Sharif Talib Lacey, better known by his stage name Reef the Lost Cauze, is an American underground rapper based in Philadelphia, Pennsylvania. Cauze became well known on the underground circuit towards the late 1990s and more so in the early 2000s, making his mark by winning many battle competitions within New York and interstate and displaying rare skills of what many called true MCing.

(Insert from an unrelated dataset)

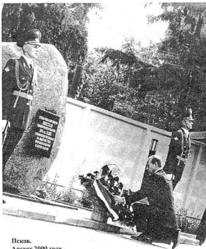
Псков. Август 2000 года.

В Мордовии к борьбе с самогонварением подключат ФСБ. Об этом заявил председатель правительства Мордовии Владимир Волков. По его мнению, этот подпольный бизнес «подрывает основу государства - а это уже сфера ответственности ФСБ». Волков считает, что фактически в каждом жилом доме Саранска есть свои точки перегонки и круглогодичной продажи самогона. Правоохранительным органам республики поставлена задача подвергнуть весь город планомерным антисамогонным зачисткам.
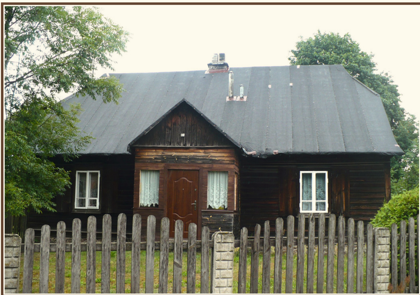
Zabudowania typu dworskiego przy ul. Bodzentyńskiej w Suchedniowie, fot. Piotr Kardyś.

Releasing The High Life album in 2001, Cauze moved on by teaming up with his past partners and friends and released The Invisible Empire in 2003 to much critical acclaim and thus establishing his name amongst many circles and true hip-hop heads, as well as the underground. Feast or Famine was released in 2005 again to positive critical reception, as well as his side project, The Torture Papers, being part of the rap/hip-hop supergroup Army of the Pharaohs in 2006. Reef is also part of hip-hop underground groups; JuJu Mob & Army of the Pharaohs.

==Career==
===Beginnings (1998-2000)===
Born Sharif Lacey in West Philadelphia, Reef the Lost Cauze came up in hip-hop as a lethal battle-rap MC. Having spent a great deal of his childhood acting in plays and performing, Reef fell in love with hip-hop at the age of eight and has been rhyming ever since. By the time he reached high school, he had earned a reputation as a deadly battle emcee, jumping in any and every cipher he came across. It was not until he was accepted into Philadelphias University of the Arts on a film scholarship that he began to visualize a serious career on the mic. He began to hone his songwriting skills, and worked on perfecting his stage shows. He defeated opponents in all types of venues, from school grounds to grimy back alleys to professional competitions. In 2000, despite obtaining a scholarship, Reef dropped out of college where he was studying film school only at the age 19 to focus on his music realizing that he had found his true calling as a hip-hop artist.

===The High Life and Invisible Empire (2001-2004)===
He linked up with Philadelphia producer Sleep E early in 2002 to begin recording his first solo project, The High Life which was released in 2002. The 10-track album opened doors for Reef, and he began performing at area clubs, generating praise from fans and media alike. In February 2003, Reef released his second studio album Invisible Empire, an 18-track album that he distributed himself by way of a national schedule of shows. He won the Mic Check Battle in Philadelphia in 2003, after which he travelled to Oakland, California to take 2nd place in the Blaze Freestyle Battle. Titles and accolades aside, Reef describes the first year of his recording career as a time of growth, both professionally and personally. Life experience really came about in my writing, he says. I was comfortable with reaching beyond being simply an emcee and becoming a musician.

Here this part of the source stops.